Spitzer Ernest, Ren Ben, Zijlstra Felix, Mieghem Nicolas M Van, Geleijnse Marcel L
Cardiology, Thoraxcenter, Erasmus University Medical Center,Rotterdam, the Netherlands.
Cardialysis, Clinical Trial Management & Core Laboratories,Rotterdam, the Netherlands.
Card Fail Rev. 2017 Nov;3(2):97-101. doi: 10.15420/cfr.2017:14.1.
Ejection fraction is one of the most powerful determinants of prognosis and is a crucial parameter for the determination of cardiovascular therapies in conditions such as heart failure, valvular conditions and ischaemic heart disease. Among echocardiographic methods, 3D echocardiography has been attributed as the preferred one for its assessment, given an increased accuracy and reproducibility. Full-volume multi-beat acquisitions are prone to stitching artefacts due to arrhythmias and require prolonged breath holds. Single-beat acquisitions exhibit a lower temporal resolution, but address the limitations of multi-beat acquisitions. If not fully automated, 3D echocardiography remains time-consuming and resource-intensive, with suboptimal observer variability, preventing its implementation in routine practice. Further developments in hardware and software, including fully automated knowledge-based algorithms for left ventricular quantification, may bring 3D echocardiography to a definite turning point.
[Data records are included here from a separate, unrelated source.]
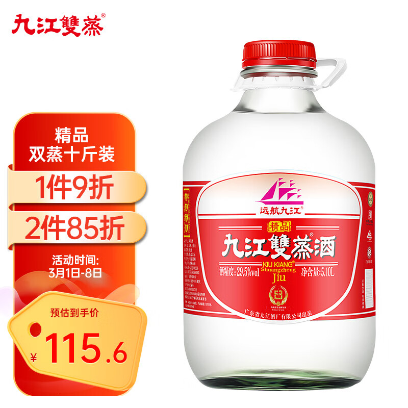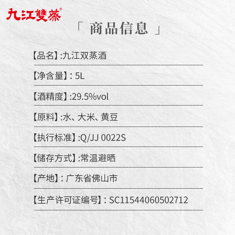 九江双蒸 豉香型白酒 29.5度浸泡酒5.1L 广东米酒浸泡青梅酒送礼白酒价格:136.00元!
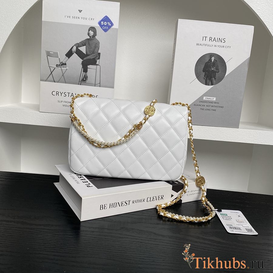 Chanel Folding Bag White Lambskin 22x15x5.5cm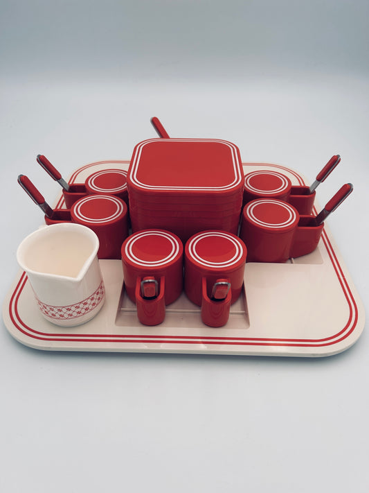 Set à café rouge et plateau, Morinox, Italie, 70s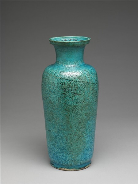 孔雀藍釉刻花纏枝番蓮紋瓶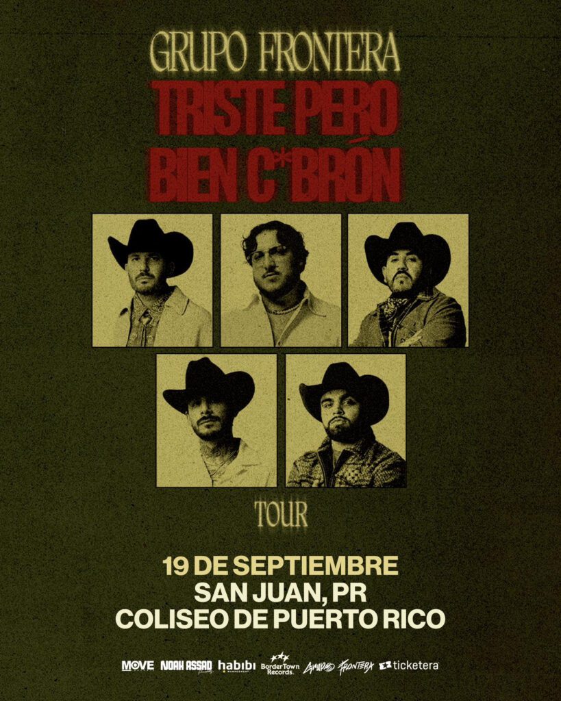 SAN JUAN, PR (9 de marzo de 2026) — Ganadores del Latin GRAMMY® y nominados al GRAMMY®, Grupo Frontera anuncia su primera presentación en Puerto Rico con una parada del “Triste Pero Bien C*brón Tour” el 19 de septiembre de 2026 en el Coliseo de Puerto Rico José Miguel Agrelot, la tarima que ha consagrado a algunos de los nombres más grandes de la música hispana. El concierto marcará el esperado debut de la agrupación en la isla, llevando por primera vez su distintivo sonido norteño-cumbia a uno de los escenarios más importantes del Caribe. La venta general de boletos comenzará el miércoles 11 de marzo a las 10:00 a.m. a través de www.ticketera.com.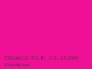 CIELab 52.451,81.512,-13.099 Color is a normal magenta color and the nearest color is Fluorescent Pink #ff1493. Hex code #ed0f96 and RGB value is rgb(237,15,150). In RGB color space, this color is composed of 93% red, 6% green, 59% blue, In CMYK color space, this color is composed of 0% cyan, 94% magenta, 37% yellow , 7% black , In HSL color space, this color has a hue angle of 324° , 88% saturation and 49% lightness.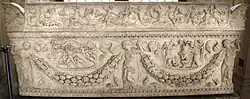 El diseño fue empleado por los antiguos griegos y romanos y formó en gran parte la decoración principal de altares, frisos y paneles.[1] Los extremos de las cintas forman a veces arcos o curvas torcidas. Su origen es probablemente debido a la representación en piedra de las guirnaldas de flores naturales, frutas, etc. que eran colgadas sobre el umbral de una entrada los días de fiesta o suspendidas alrededor del altar.

射血分数是预后的最有力决定因素之一,也是确定心力衰竭、瓣膜病和缺血性心脏病等病症心血管治疗方案的关键参数。在超声心动图方法中,鉴于准确性和可重复性的提高,三维超声心动图被认为是评估射血分数的首选方法。全容积多搏采集由于心律失常容易出现拼接伪像,并且需要长时间屏气。单搏采集的时间分辨率较低,但解决了多搏采集的局限性。如果不是完全自动化,三维超声心动图仍然耗时且资源密集,观察者变异性欠佳,这阻碍了其在常规实践中的应用。硬件和软件的进一步发展,包括用于左心室定量的完全自动化的基于知识的算法,可能会使三维超声心动图迎来一个决定性的转折点。